Playing with water

2018-03-14 - Louis-Philippe Véronneau

H2o Flow gradient boosting job

I'm currently taking a machine learning class and although it is an insane amount of work, I like it a lot. I initially had planned to use R to play around with the database I have, but the teacher recommended I use H2o, a FOSS machine learning framework.

I was a bit sceptical at first since I'm already pretty good with R, but then I found out you could simply import H2o as an R library. H2o replaces most R functions by its own parallelized ones to cut down on processing time (no more doParallel calls) and uses an "external" server you have to run on the side instead of running R calls directly.

H2o Flow gradient boosting model

I was pretty happy with this situation, that is until I actually started using H2o in R. With the huge database I'm playing with, the library felt clunky and I had a hard time doing anything useful. Most of the time, I just ended up with long Java traceback calls. Much love.

I'm sure in the right hands using H2o as a library could have been incredibly powerful, but sadly it seems I haven't earned my black belt in R-fu yet.

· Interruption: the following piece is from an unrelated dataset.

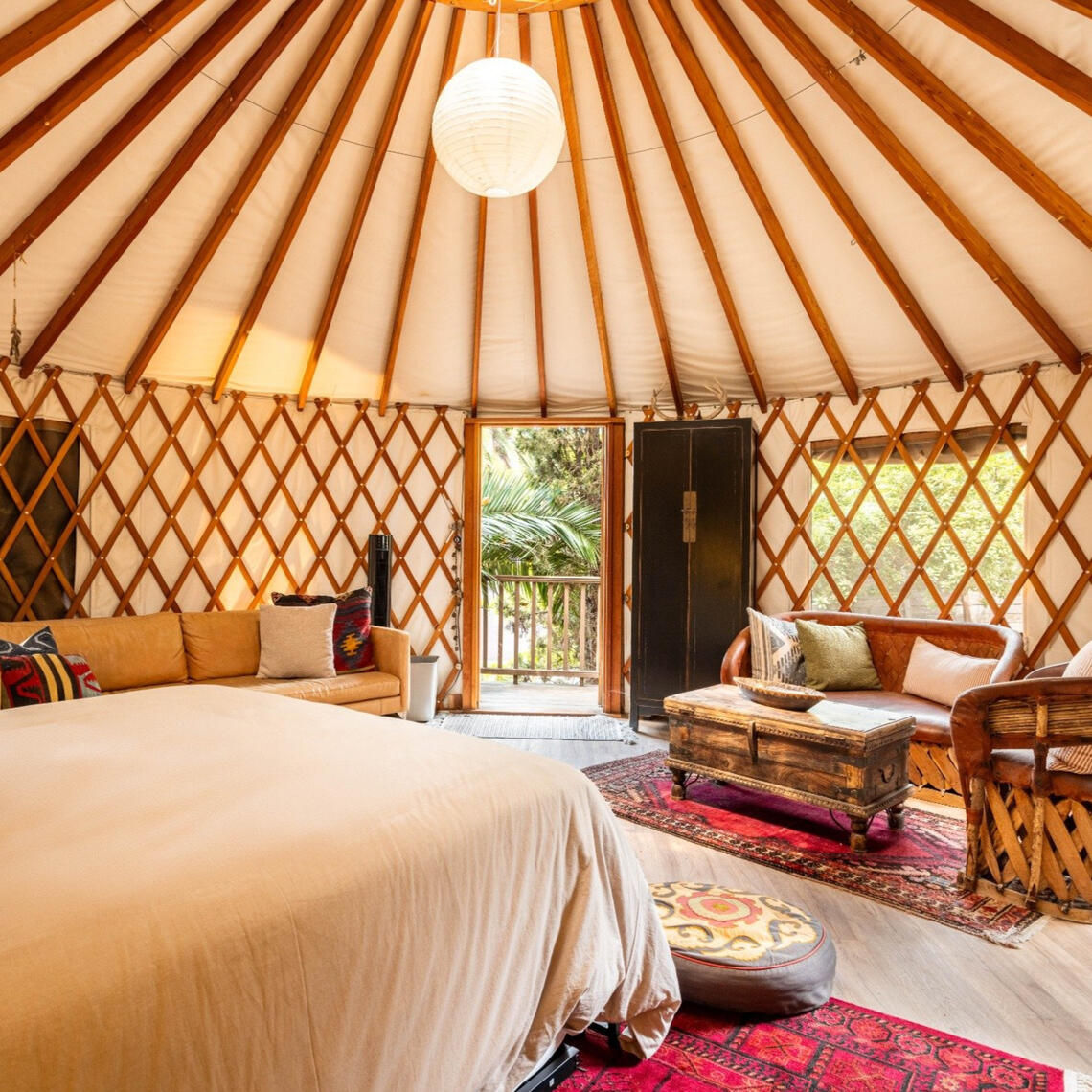 Tucked away in the hills of Silver Lake, this secluded yurt offers tranquility and privacy just a 5-minute walk to the shopping, dining, and nightlife of Sunset Boulevard. A winding path leads to a hilltop retreat featuring a bohemian, luxurious bathroom, outdoor dining, multiple lounge areas, and a private deck with peekaboo views of the Hollywood Sign through palm fronds. The lush, light-filled bathroom offers a soaring skylight and vibrant natural plant life, bringing the outdoors in. With mature trees, a coffee station, and an abundance of natural light, this bohemian oasis is a unique blend of nature beauty and urban charm—ideal for unwinding, recharging, or finding creative inspiration.

H2o Flow variable importance weights

I was pissed for at least a whole day - not being able to achieve what I wanted to do - until I realised H2o comes with a WebUI called Flow. I'm normally not very fond of using web thingies to do important work like writing code, but Flow is simply incredible.

Automated graphing functions, integrated ETA when running resource intensive models, descriptions for each and every model parameters (the parameters are even divided in sections based on your familiarly with the statistical models in question), Flow seemingly has it all. In no time I was able to run 3 basic machine learning models and get actual interpretable results.

So yeah, if you've been itching to analyse very large databases using state of the art machine learning models, I would recommend using H2o. Try Flow at first instead of the Python or R hooks to see what it's capable of doing.

The only downside to all of this is that H2o is written in Java and depends on Java 1.7 to run... That, and be warned: it requires a metric fuckton of processing power and RAM. My poor server struggled quite a bit even with 10 available cores and 10Gb of RAM...